WHAT IS BEING ASKED. Write out exactly the lines below starting at the one containing "Cute and playful" and ending at the one containing "ペットの3層接着構造で異音を押さえ、丈夫です。 その他の車種はお問い合わせください。 |". Omit every picture.

DATA UNDER STUDY.

========

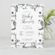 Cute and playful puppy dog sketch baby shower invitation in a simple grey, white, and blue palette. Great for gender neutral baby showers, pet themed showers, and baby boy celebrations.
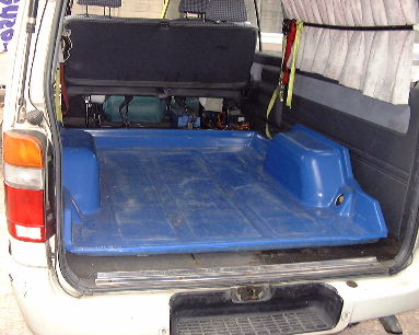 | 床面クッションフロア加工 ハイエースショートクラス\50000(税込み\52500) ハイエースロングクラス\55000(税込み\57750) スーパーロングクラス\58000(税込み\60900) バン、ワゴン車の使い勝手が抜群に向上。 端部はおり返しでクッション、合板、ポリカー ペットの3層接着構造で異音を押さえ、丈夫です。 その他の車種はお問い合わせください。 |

========

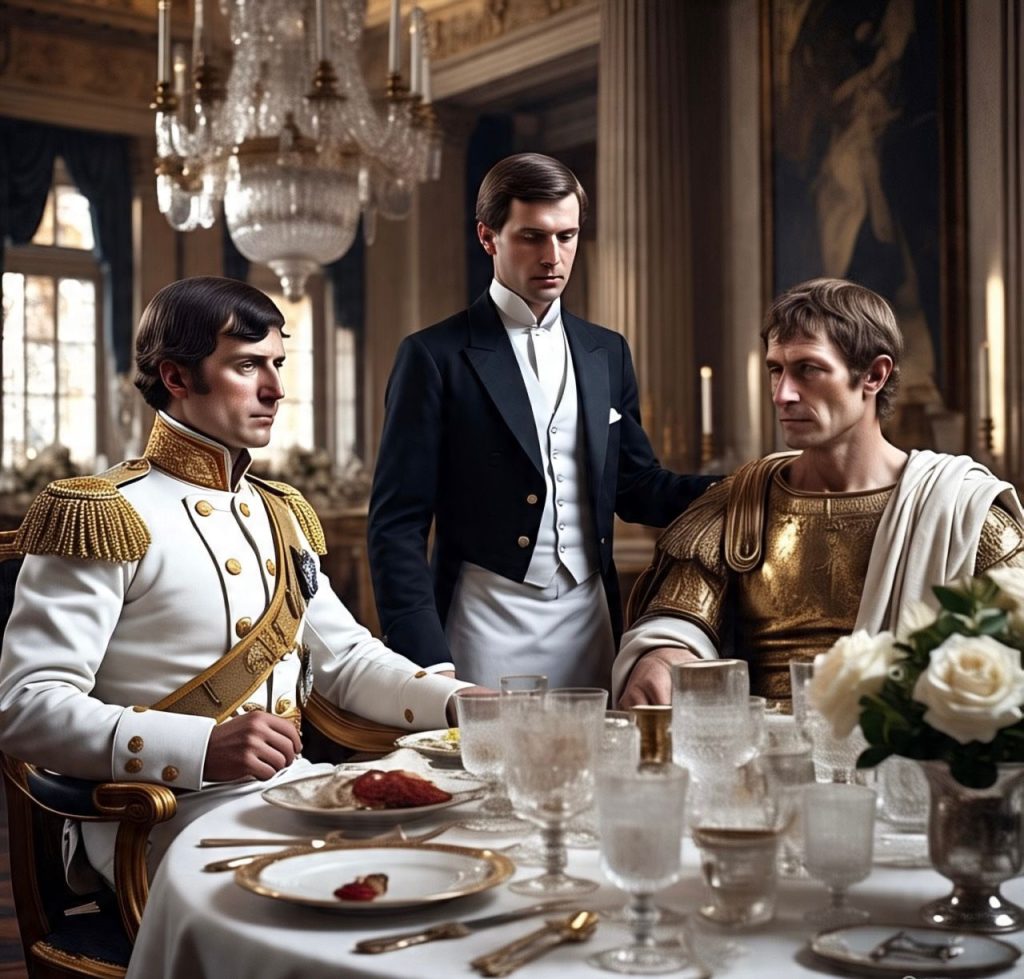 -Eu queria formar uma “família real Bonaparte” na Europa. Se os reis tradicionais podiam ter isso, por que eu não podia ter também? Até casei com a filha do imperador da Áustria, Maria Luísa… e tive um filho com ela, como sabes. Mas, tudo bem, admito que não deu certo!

========

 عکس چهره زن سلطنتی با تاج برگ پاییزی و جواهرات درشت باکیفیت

========

EXERCISE RESPONSE.
 Cute and playful puppy dog sketch baby shower invitation in a simple grey, white, and blue palette. Great for gender neutral baby showers, pet themed showers, and baby boy celebrations.
 | 床面クッションフロア加工 ハイエースショートクラス\50000(税込み\52500) ハイエースロングクラス\55000(税込み\57750) スーパーロングクラス\58000(税込み\60900) バン、ワゴン車の使い勝手が抜群に向上。 端部はおり返しでクッション、合板、ポリカー ペットの3層接着構造で異音を押さえ、丈夫です。 その他の車種はお問い合わせください。 |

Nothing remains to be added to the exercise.